# Data section
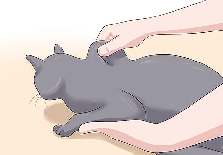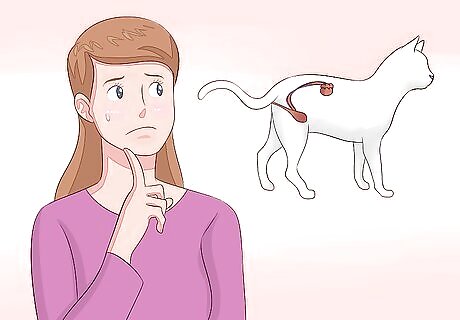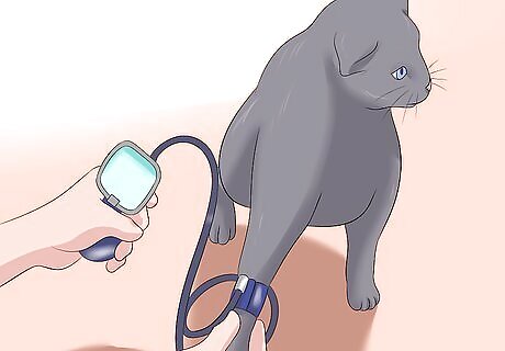Check to see if your cat is hydrated. A cat with kidney disease cannot concentrate urine like a healthy cat. If the fluid loss exceeds fluid intake the cat becomes dehydrated and this makes it feel unwell. You can detect dehydration by using the finger and thumb of one hand to grasp the scruff over the shoulders and lift the skin vertically away from the backbone. When you let go, the skin of a well-hydrated animal springs back into place immediately. In a dehydrated animal, the skin lacks elasticity and may take a few seconds to fall back into place.
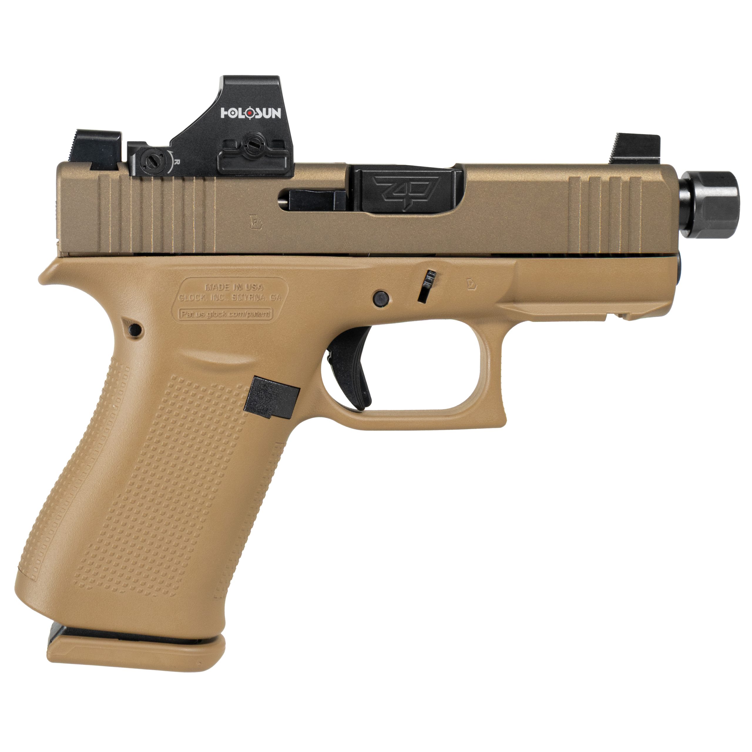 FDE Cerakote Finish – Applied to the frame and slide, the flat dark earth Cerakote coating offers both rugged durability and a distinct custom look, protecting against wear, moisture, and corrosion.
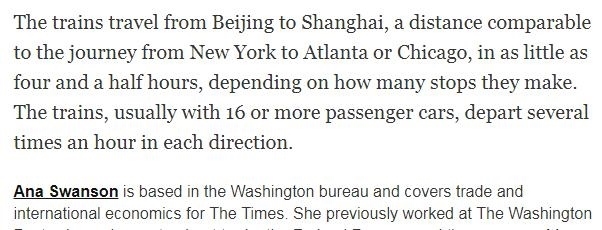但是,《紐約時報》隨后刪除了這篇報道中有關(guān)中美列車速度對比的內(nèi)容。
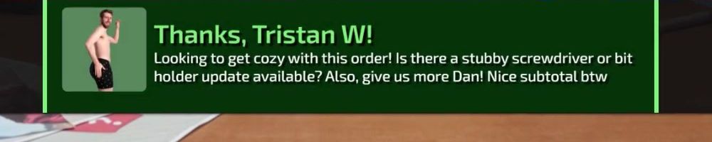 Hey Luke, Linus and Dan (and Kyle): Loving the screwdriver and I'm picking another up for a buddy's wedding registry. Any news on what the timeline is for the shorty screwdriver?
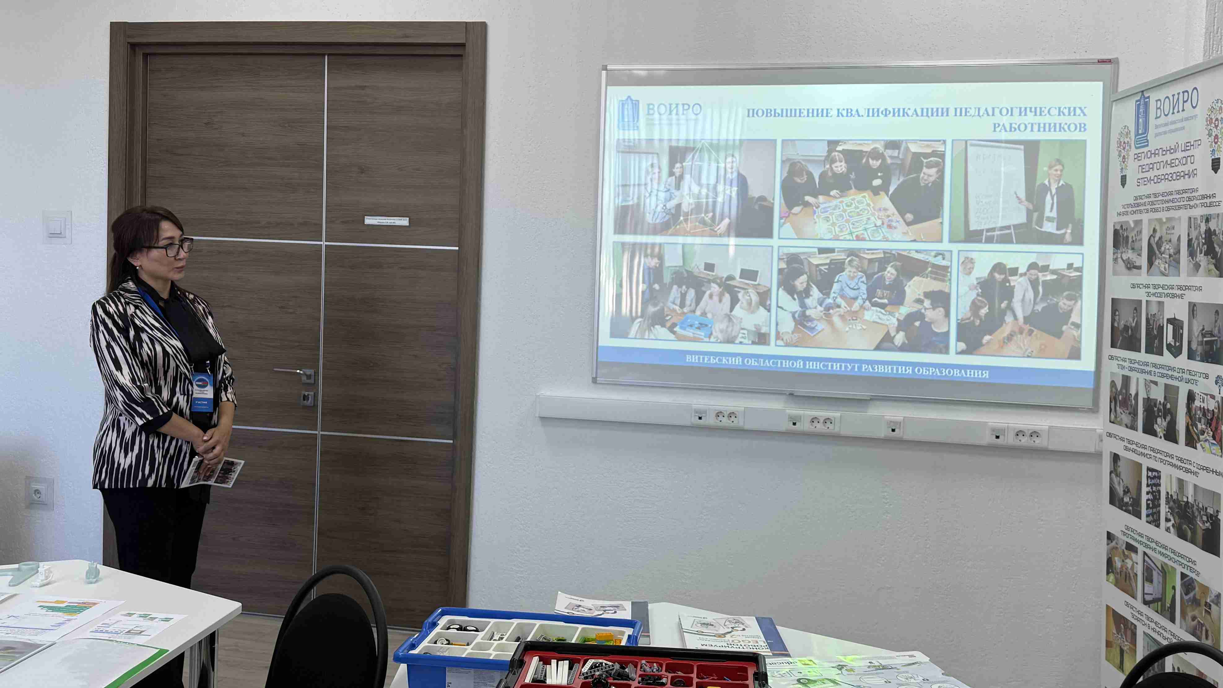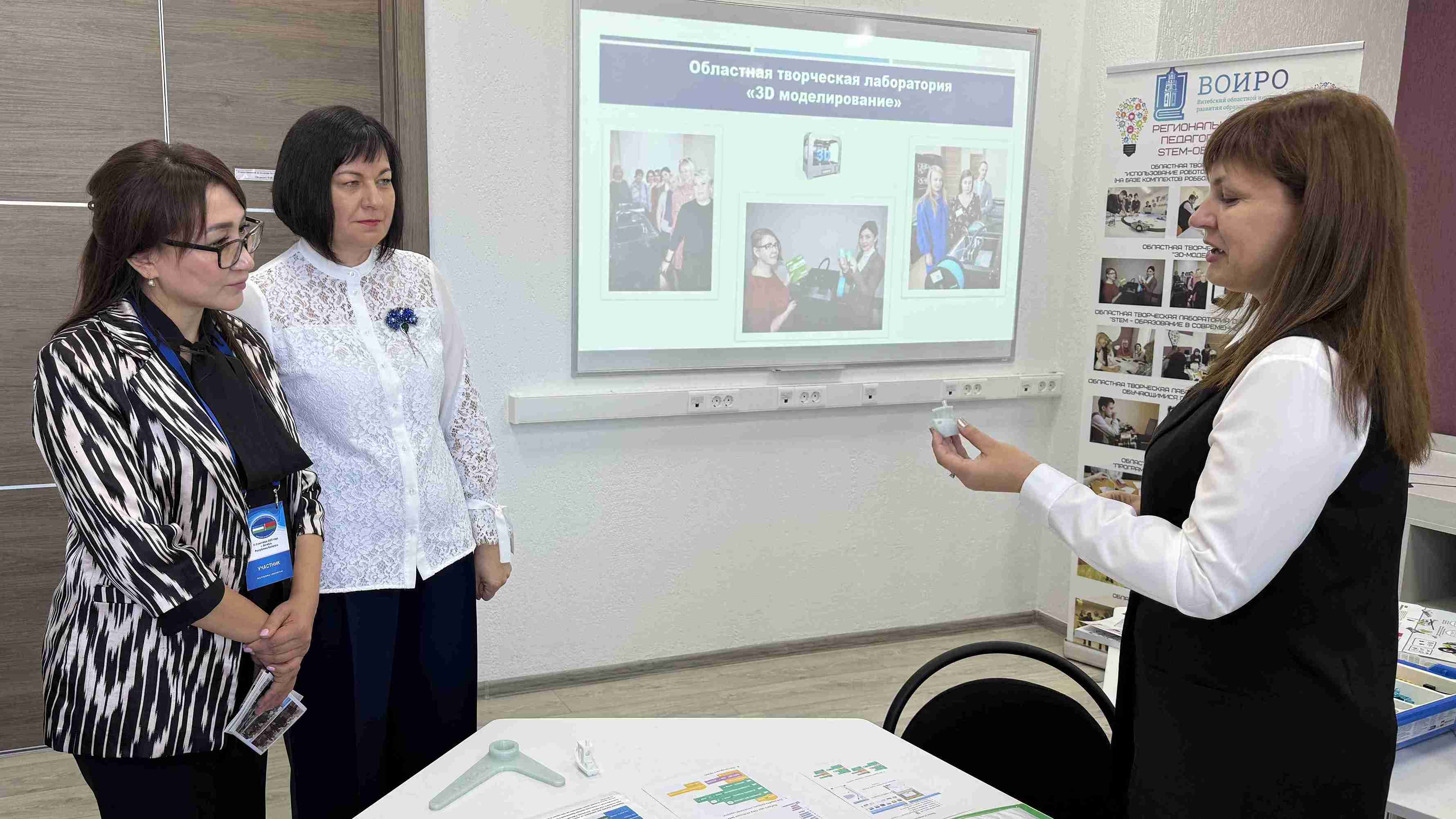 В завершении визита Хилола Махмутовна ознакомилась с работой регионального центра STEM-образования. Начальник центра сопровождения работы с детьми, достигшими высоких показателей в учебной и общественной деятельности, Оксана Ивановна Оборович рассказала об основных локациях STEM-центра, а также о работе классов инженерной направленности учреждений образования Витебской области и инженерно-технических центров, деятельность которых курирует институт.
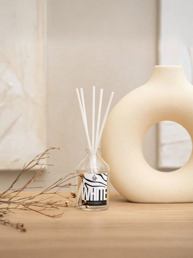 Аромадиффузор - идеальное решение для создания уютной атмосферы в вашем доме. Этот стильный аксессуар прекрасно ароматизирует помещение и украшает любой интерьер. Фибровые палочки, насыщаясь ароматной жидкостью с эфирными маслами, распространяют приятный запах по всему помещению. Диффузоры с натуральными фруктовыми и цветочными ароматами подойдут для тех, кто хочет добавить в свой дом приятный аромат, не прибегая к использованию химических ароматизаторов. Характеристики: Объем: 50 мл. Время работы: 1,5-2 месяца. Площадь ароматизации: 15 м2. Преимущества: Аромадиффузор не содержит вредных химических веществ, которые могут негативно повлиять на здоровье. Диффузор легко устанавливается и не требует особого ухода. Подходит для использования в любом помещении, включая спальни, гостиные и офисы. Аромадиффузор является отличной альтернативой ароматизированным спреям, так как он абсолютно безопасен и экологически чист. С его помощью вы сможете создать уютную и расслабляющую атмосферу в вашем доме без вреда для здоровья и окружающей среды. Приятный запах помогает расслабиться после трудного дня, улучшает настроение и повышает общий тонус организма. Кроме того, красивый флакон станет стильным дополнением к интерьеру.

# Directions
Copy the entries above exactly, but only the stretch from the line containing "但是,《紐約時報》隨后刪除了" through the line containing "Hey Luke, Linus". Keep both end lines; drop the pictures.

# Response to this exercise
但是,《紐約時報》隨后刪除了這篇報道中有關(guān)中美列車速度對比的內(nèi)容。
 Hey Luke, Linus and Dan (and Kyle): Loving the screwdriver and I'm picking another up for a buddy's wedding registry. Any news on what the timeline is for the shorty screwdriver?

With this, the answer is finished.